_Your task_:
Every line below from the one containing "- Čierno‑fialové pruhy, motív WEDNESDAY" through the one containing "En stor svart" must be transcribed exactly. Omit all lines outside that stretch.

_Stored data_:

-------

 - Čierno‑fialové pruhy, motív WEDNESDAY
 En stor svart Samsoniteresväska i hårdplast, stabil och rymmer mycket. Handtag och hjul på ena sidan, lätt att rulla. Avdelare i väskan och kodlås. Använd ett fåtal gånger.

-------

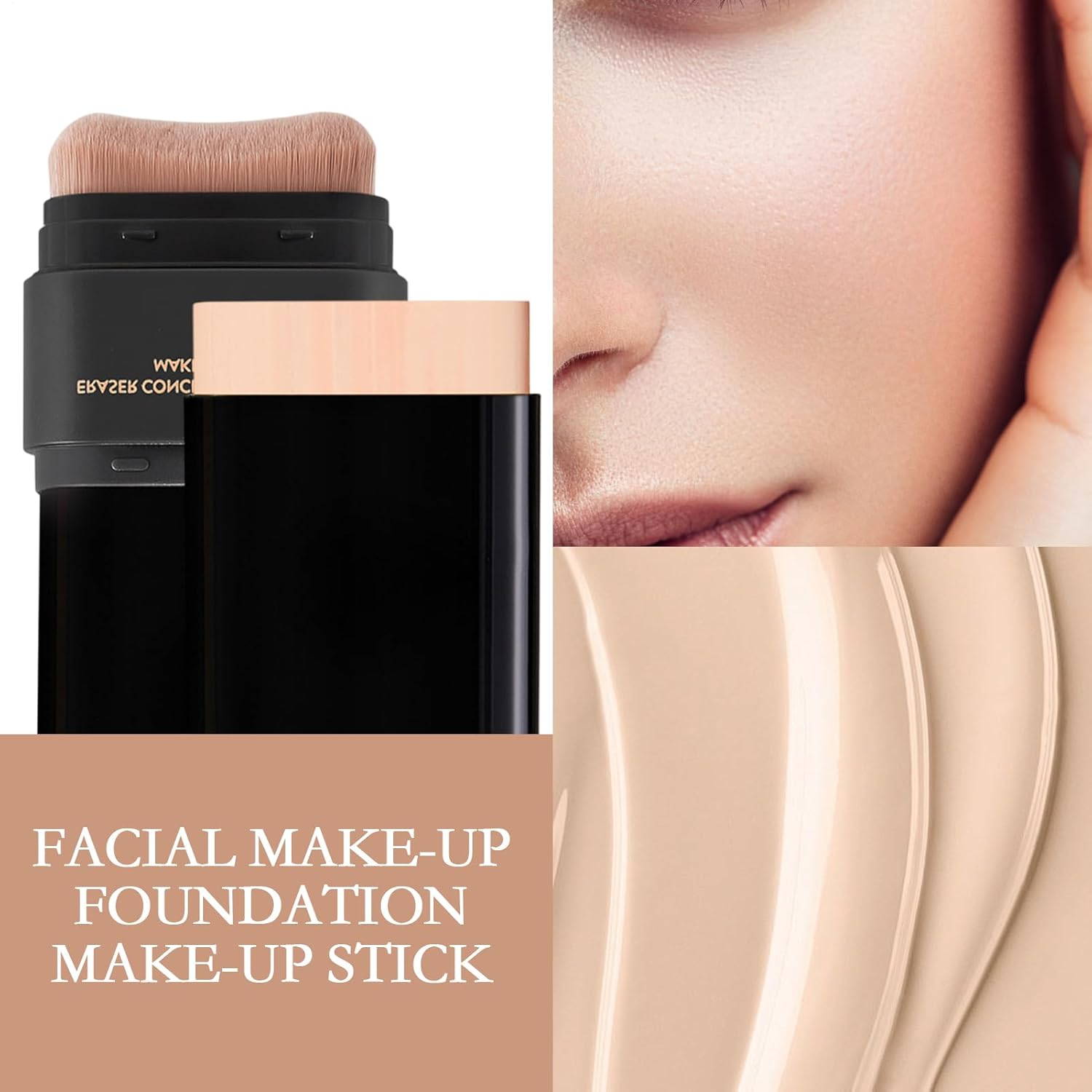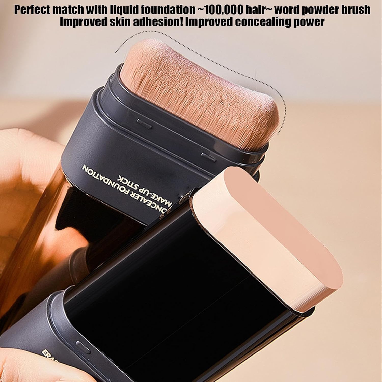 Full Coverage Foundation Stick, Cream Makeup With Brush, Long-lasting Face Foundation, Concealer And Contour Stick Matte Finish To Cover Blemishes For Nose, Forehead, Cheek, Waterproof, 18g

-------

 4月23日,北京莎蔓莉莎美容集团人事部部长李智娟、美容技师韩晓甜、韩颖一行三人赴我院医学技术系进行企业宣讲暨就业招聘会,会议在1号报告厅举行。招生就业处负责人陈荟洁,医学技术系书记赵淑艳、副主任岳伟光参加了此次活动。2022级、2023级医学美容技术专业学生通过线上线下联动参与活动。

-------

_Exercise output_:
 - Čierno‑fialové pruhy, motív WEDNESDAY
 En stor svart Samsoniteresväska i hårdplast, stabil och rymmer mycket. Handtag och hjul på ena sidan, lätt att rulla. Avdelare i väskan och kodlås. Använd ett fåtal gånger.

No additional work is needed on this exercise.